Court of Appeals of Oregon

March 29, 2017

Dylan ROBBINS, Plaintiff-Appellant,
v.
CITY OF MEDFORD, Defendant-Respondent, and MEDFORD URBAN RENEWAL AGENCY and Katherine Warren, Defendants.

          Argued and Submitted March 3, 2016

          Jackson County Circuit Court 126140L2; Benjamin M. Bloom, Judge.

          Dennis H. Black argued the cause for appellant. With him on the briefs was Black, Chapman, Webber & Stevens.

          Dominic M. Campanella argued the cause for respondent. On the brief were Mark R. Weaver and Brophy Schmor LLP.

          Before Ortega, Presiding Judge, and Lagesen, Judge, and Garrett, Judge.

         Case Summary: Plaintiff was seriously injured when he was hit by a car while crossing a street at a crosswalk. Plaintiff alleges that the city was negligent by placing a crosswalk at that location and by omitting certain safety features from the crosswalk's design that, in plaintiff's view, would have averted his accident. On summary judgment, the trial court concluded that the discretionary immunity provision of the Oregon Tort Claims Act, ORS 30.265(6)(c), barred plaintiff's negligence claims against the city and entered judgment for the city on those claims.

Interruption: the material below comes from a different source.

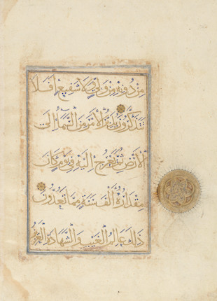Bonhams : A Qur'an leaf in rayhani script in gold, from a dispersed 30 ...
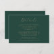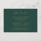 This elegant modern wedding details enclosure card features gold-coloured text on an emerald green background. The title appears in beautiful handwriting script, with customisable text below in sans serif font. The reverse side is solid green.

         Held: There is a genuine issue of material fact as to whether the city's decisions regarding the crosswalk's location are protected by discretionary immunity. As a result, the trial court erred in concluding that the city was entitled to summary judgment with respect to the specifications of negligence pertaining to crosswalk location. The trial court did not err in granting summary judgment to the city with respect to the specifications of negligence pertaining to the crosswalk's design

          LAGESEN, J.

         Plaintiff was seriously injured when he was hit by a car while crossing South Riverside Avenue at its intersection with Ninth Street in Medford. There are no traffic signals controlling that intersection, but the City of Medford has installed a crosswalk across South Riverside Avenue on the south side of the intersection. Plaintiff was in that crosswalk when he was hit, and he alleges that the city was negligent by placing a crosswalk at that location and by omitting certain safety features from the crosswalk's design that, in plaintiffs view, would have averted his accident. On summary judgment, the trial court concluded that the discretionary immunity provision of the Oregon Tort Claims Act, ORS 30.265(6)(c), [1] bars plaintiff's negligence claims against the city and entered judgment for the city on those claims.[2]We conclude that the trial court's grant of summary judgment was correct with respect to plaintiff's challenge to the city's design decisions but that there are genuine issues of material fact as to the plaintiff's challenge to the city's decision to locate the crosswalk where it did. We therefore affirm in part and reverse in part.

         I. ISSUE PRESENTED AND STANDARD OF REVIEW

         We start by identifying what is-and is not-at issue in this appeal, as well as the legal standards that govern our review of the trial court's resolution of the issues presented.

         First, what is at issue: In the complaint, plaintiff alleges that the city was negligent in five different ways. Two of the specifications of negligence, specifications 13(a) and 13(b), challenge the city's decision to place the crosswalk where it did. They allege that the city was negligent by:

"(a) Creating a marked, multi-lane crosswalk at the South Riverside Avenue area where [plaintiff's accident] occurred; [and]
"(b) Failing to remove the marked crosswalk after having been advised to do so by ...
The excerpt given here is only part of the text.